What you are asked to do:
Only one stretch of the material below is wanted: everything from the line containing "Personenstandsaufnahme zur Klassensteuerrolle" down to the line containing "Our Taupe Cozy", both ends included. Repeat it exactly and skip the pictures.

-- Given records follows --

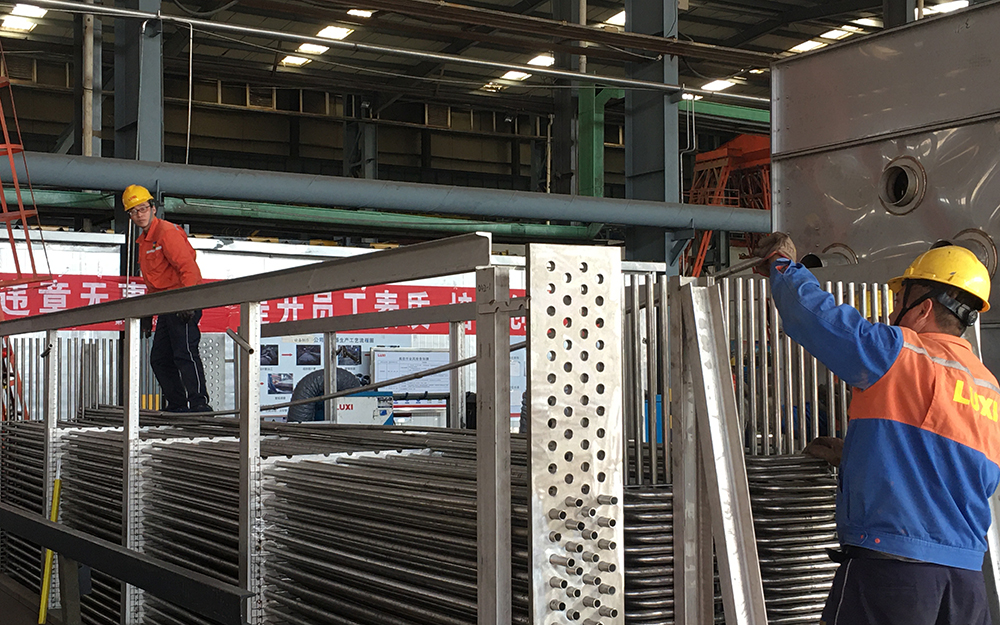 走進(jìn)第一工程事業(yè)部設(shè)備制作廠房,陳興勛主任正在現(xiàn)場指導(dǎo)蒸發(fā)冷管束組對工作,他告訴記者:“公司接到制作循環(huán)水蒸發(fā)冷的制作任務(wù)后,與技術(shù)人員進(jìn)行辨識,制作循環(huán)水蒸發(fā)冷管束可以利用自行拆解與其他單位拆解退庫的Φ25不銹鋼管,將不銹鋼管進(jìn)行內(nèi)、外拋光兩道工序,確保換熱管見金屬光澤、表面清潔、無污垢后進(jìn)行打壓試驗,挑選合格的管子進(jìn)行齊口、截取、拼接、焊接成所需要的長度,利用校直機(jī)進(jìn)行校直,再利用彎管機(jī)進(jìn)行彎制蒸發(fā)冷所需長度的盤管,打壓合格后利用到循環(huán)水蒸發(fā)冷設(shè)備的制作中?!?
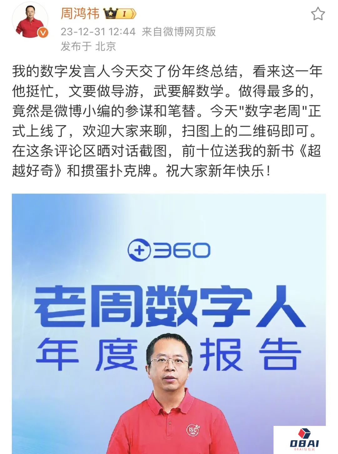 12月31日,360集团创始人、董事长周鸿祎通过微博宣布,旗下的个人数字形象代言人、数字发言人“数字老周”正式上线,并通过AI数字人周鸿祎公布一份集团的年度报告。
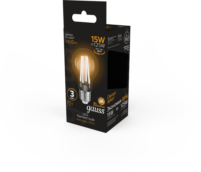 Лампочка светодиодная филаментная 102902115 Gauss 15Вт 2700K
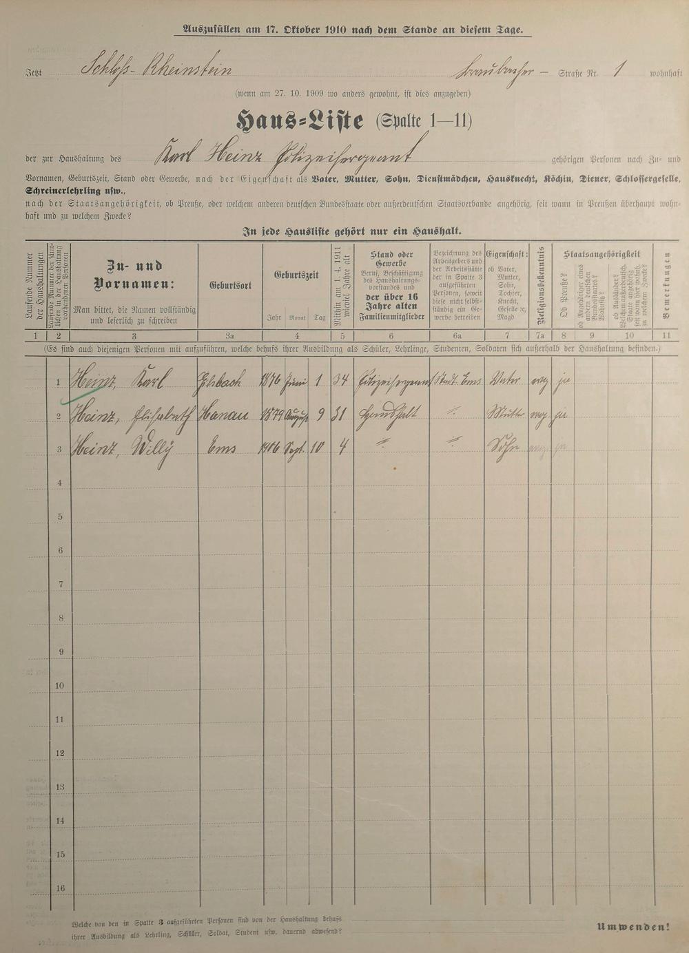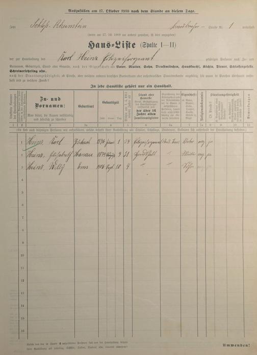 Personenstandsaufnahme zur Klassensteuerrolle für 1910
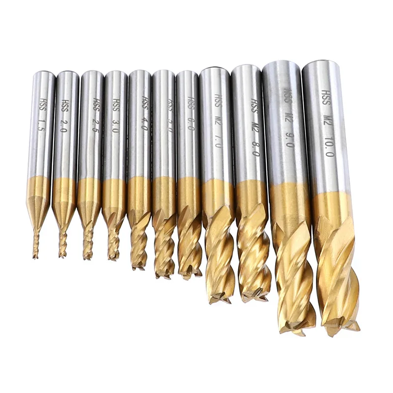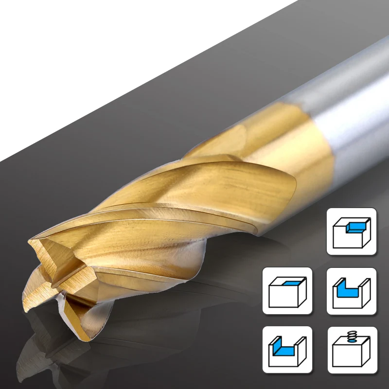 Wood Milling Cutter Set High Speed Steel Titanium-Plated 4-Flutes CNC End Mill H
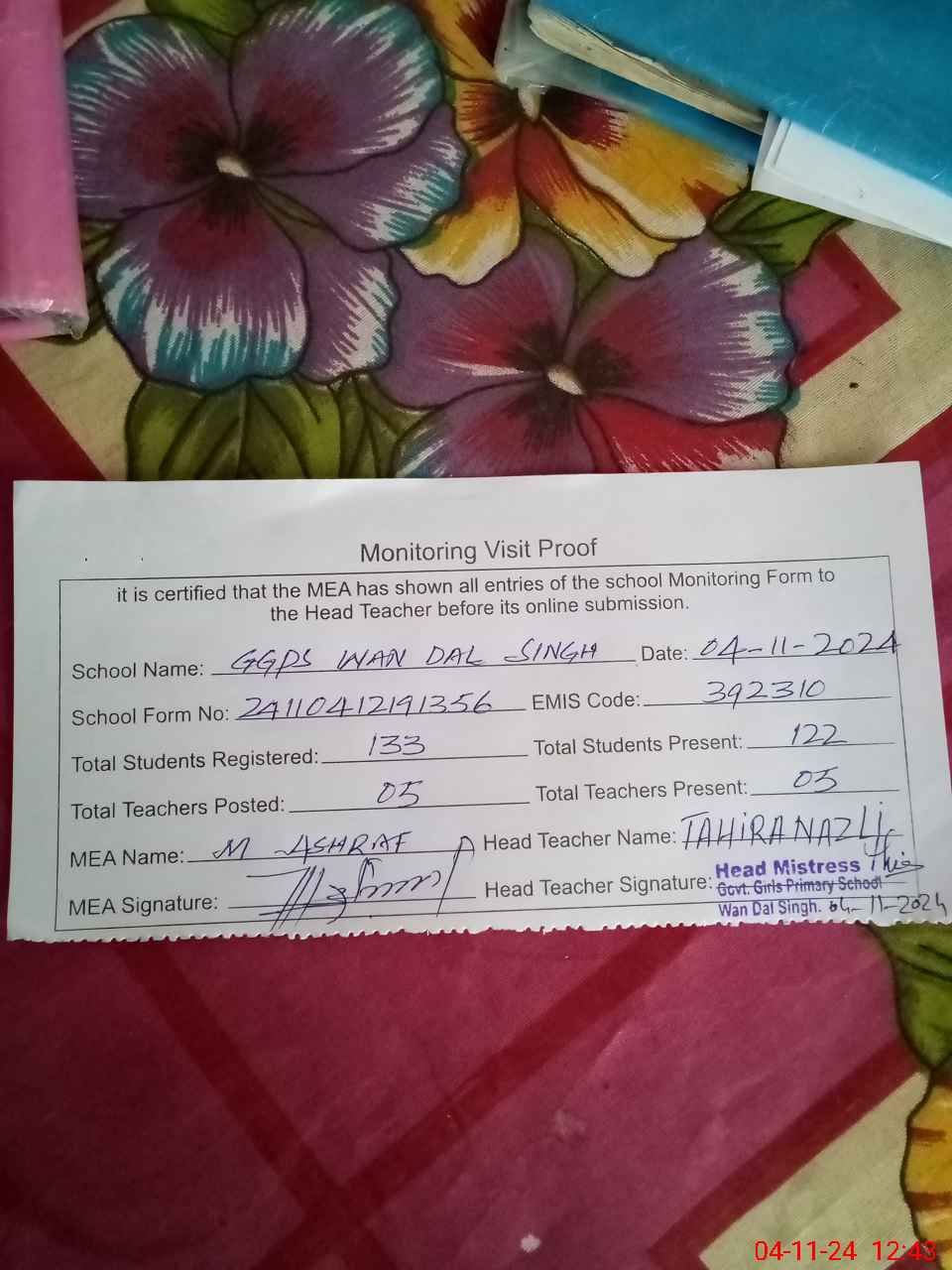 | Attendance Register | Head Teacher | MEA with School | Visit Proof |
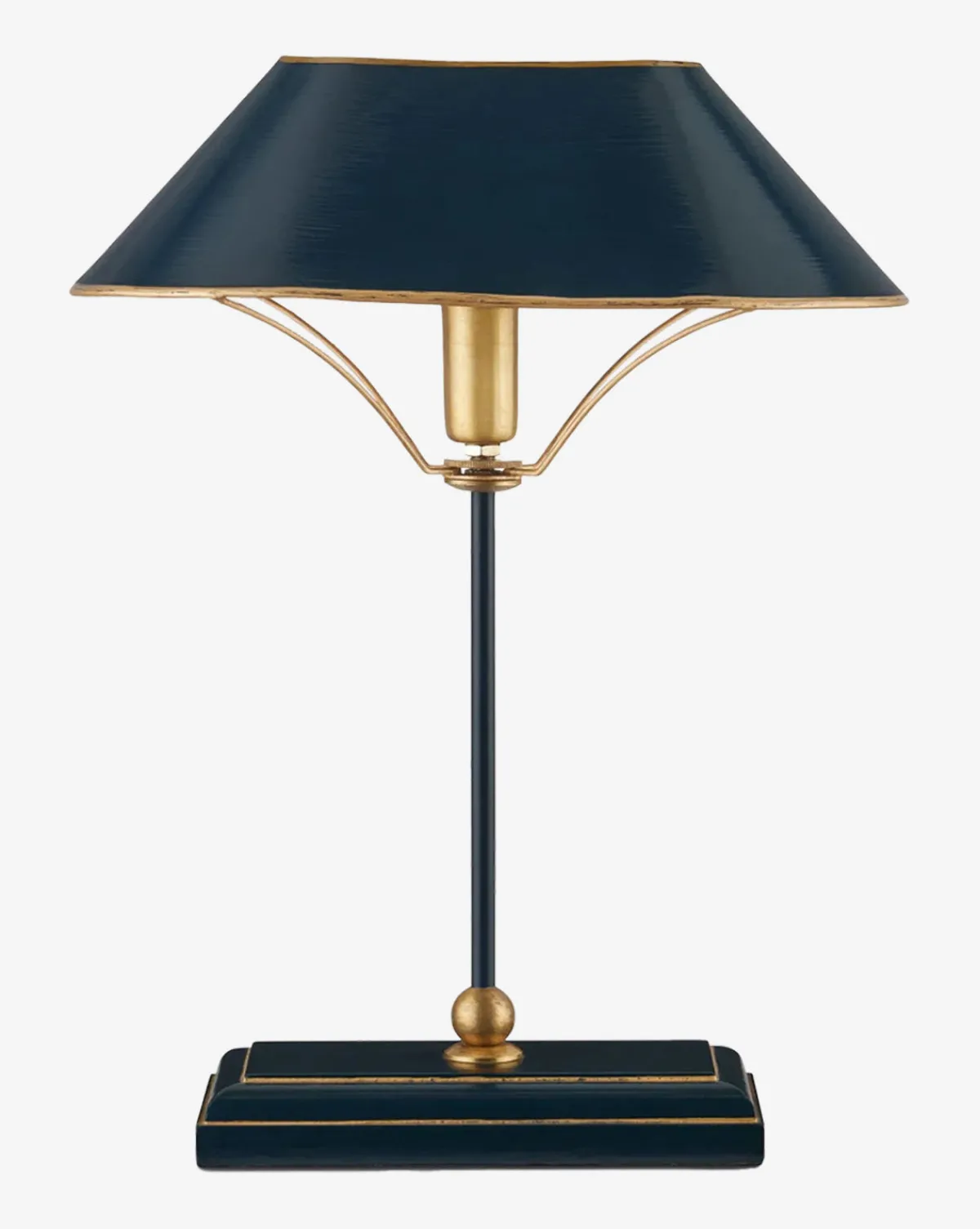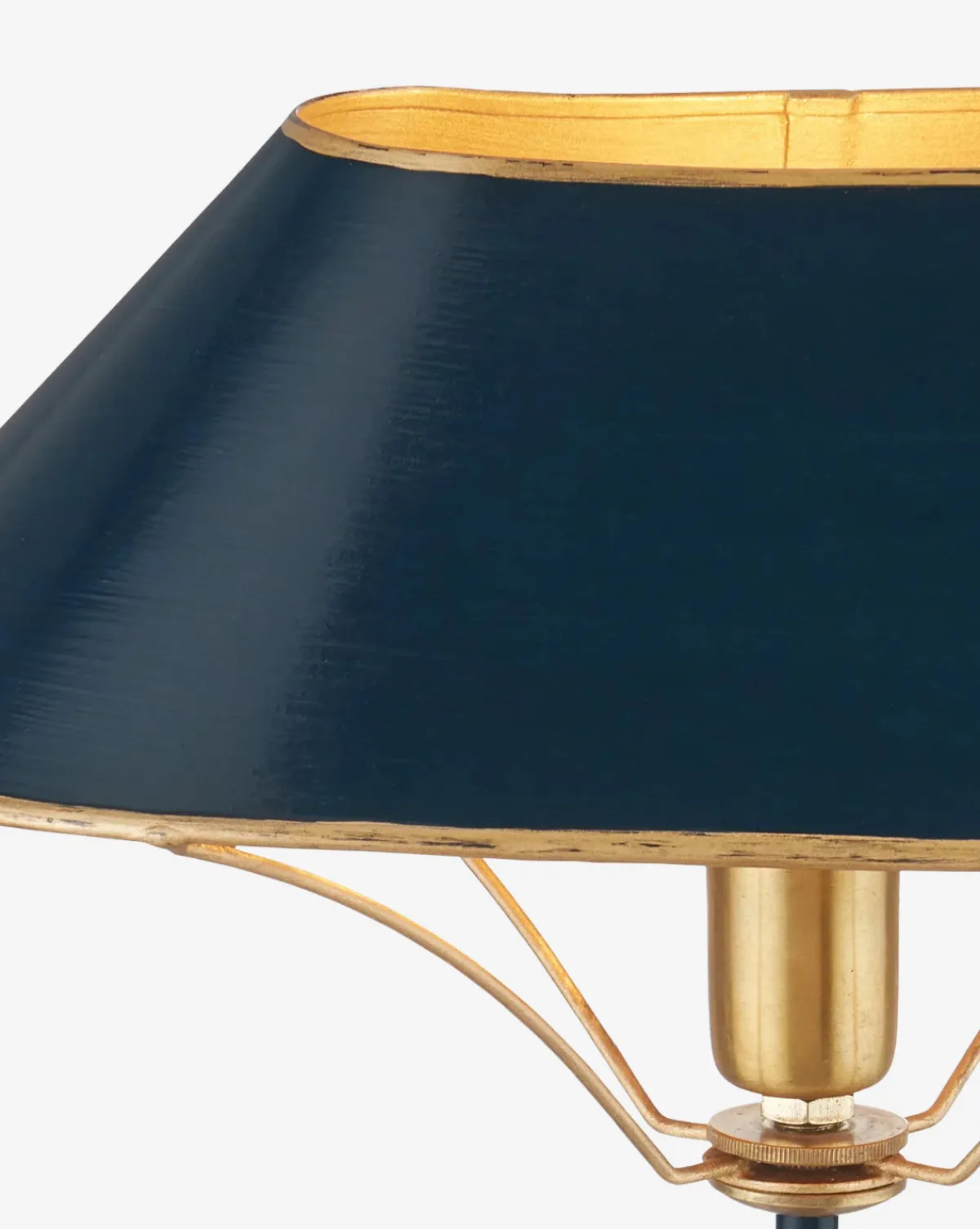 With a bold design, the Daphne Navy Table Lamp makes a statement anywhere it is styled. Its navy and gold hues and geometric forms bring both elegance and practical light to your space.
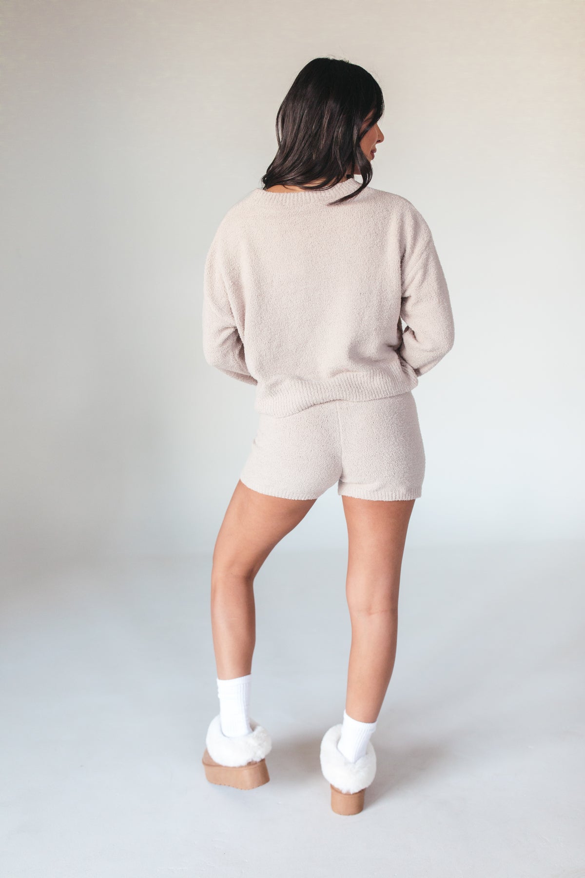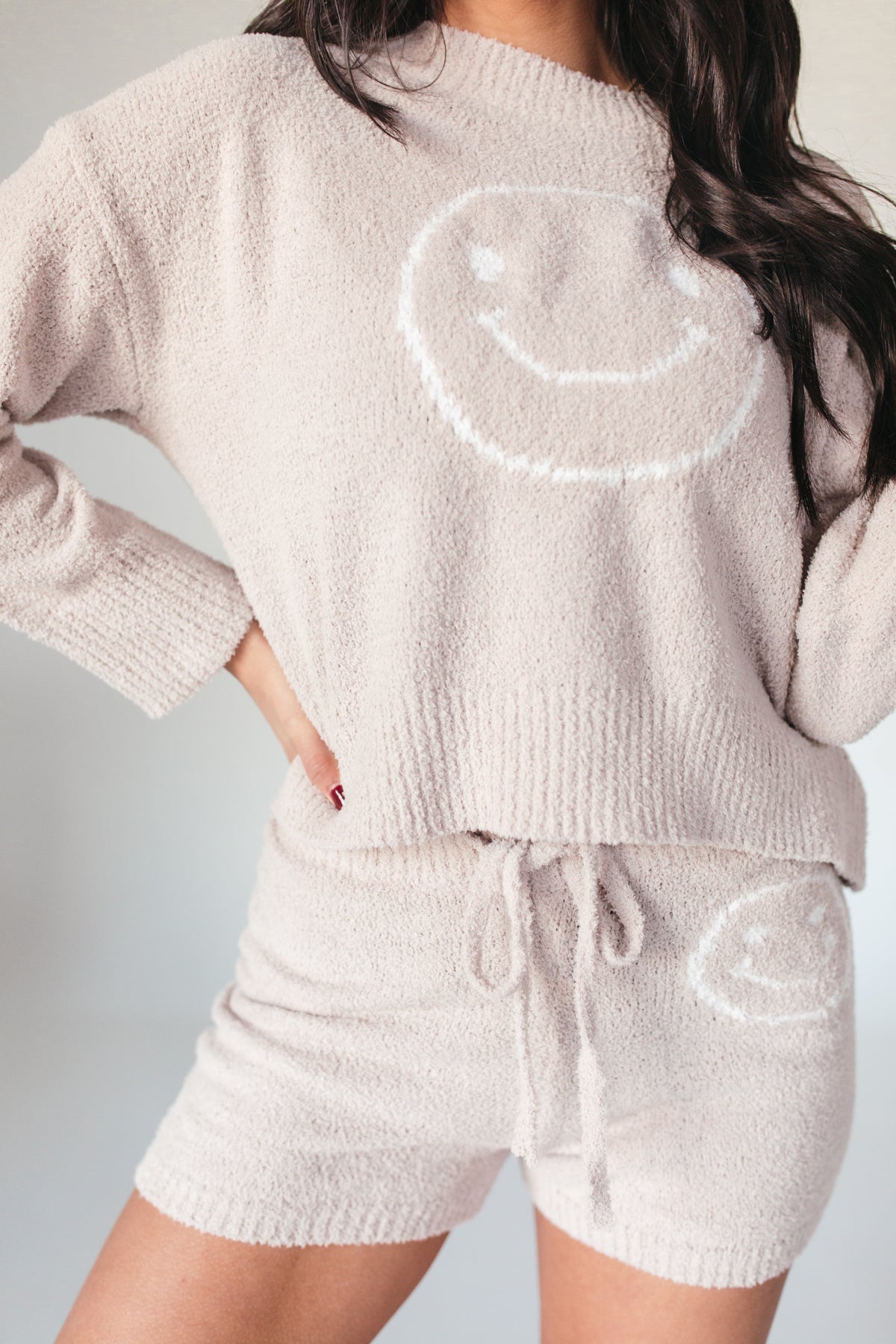 Our Taupe Cozy Smiley Set features a cozy long sleeve top with a smiley face and matchingdrawstring shorts.
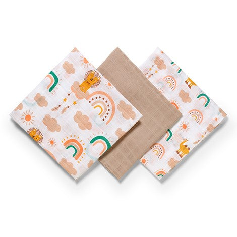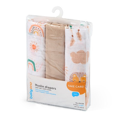 Le mussole super morbidi sono un must-have nel primo corredino di un bambino: sono utili per neonati e bambini piccoli. La muslin è un tessuto a doppio strato, 100% cotone, estremamente morbido al tatto e insolitamente traspirante, quindi i pannolini in muslin possono essere utilizzati fin dal primo giorno di vita del bambino: per avvolgerlo o coprirlo, oppure come fasciatoio, lenzuolo o asciugamano da bagno. Sono comodi come copertina durante l'allattamento o puoi metterli sulla spalla quando devi fargli fare il ruttino. Confezionati in una scatola trasparente con chiusura in velcro.
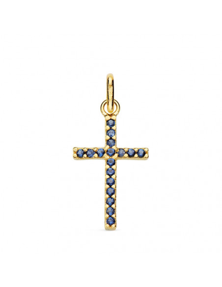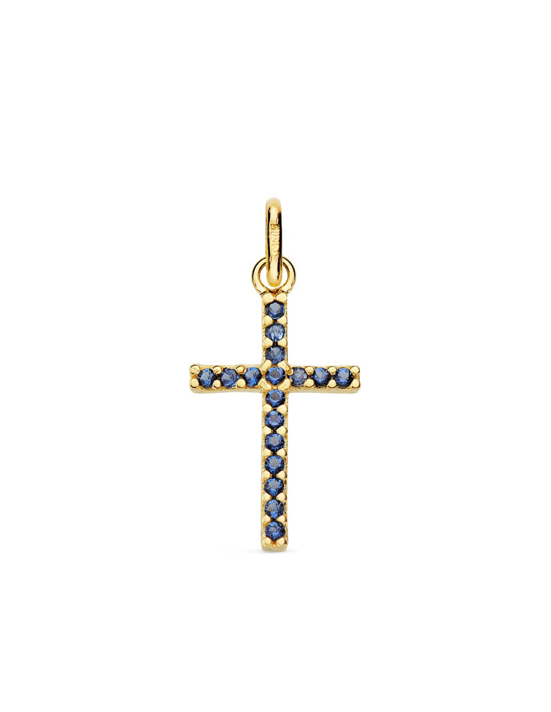 18K CRUZ ORO AMARILLO PIEDRAS AZULES 16X10 MM
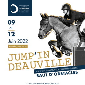 09 au 12 Juin Le Jump’in Deauville hisse les couleurs internationales Proposé en partenariat avec l’association Deauville Sports Equestres, le Jump’in Deauville ouvre traditionnellement la saison des concours internationaux de saut d’obstacles organisés au Pôle. Réunissant généralement une quinzaine de nations, l’événement regroupe trois niveaux de compétitions : un CSI1*, un CSI2* et, pour les cavaliers français amateurs, une étape du circuit fédéral baptisé « Amateurs Gold Tour FFE – Esthederm ».   Résultats en live ici.  Avant programme de la compétition.  Cavaliers JEUDI 09 JUIN   08h00: Ep 1 - Prix Les Vans Barbot & Grand Prix Mag CSI * -1.20m … Continued
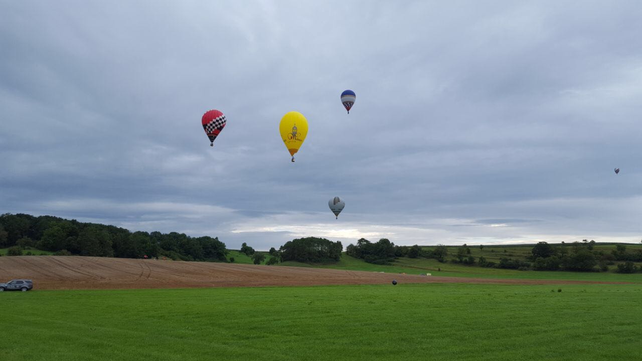 Auch auf der thüringischen Montgolfiade in Bad Colberg-Heldburg war das Wetter nicht wirklich gut zum Ballonfahren geeignet, deswegen nur zwei Fahrten wovon eine sofort nach dem Start gecancelt wurde. |

-- Given records concluded --

Solved exercise:
 Personenstandsaufnahme zur Klassensteuerrolle für 1910
 Wood Milling Cutter Set High Speed Steel Titanium-Plated 4-Flutes CNC End Mill H
 | Attendance Register | Head Teacher | MEA with School | Visit Proof |
 With a bold design, the Daphne Navy Table Lamp makes a statement anywhere it is styled. Its navy and gold hues and geometric forms bring both elegance and practical light to your space.
 Our Taupe Cozy Smiley Set features a cozy long sleeve top with a smiley face and matchingdrawstring shorts.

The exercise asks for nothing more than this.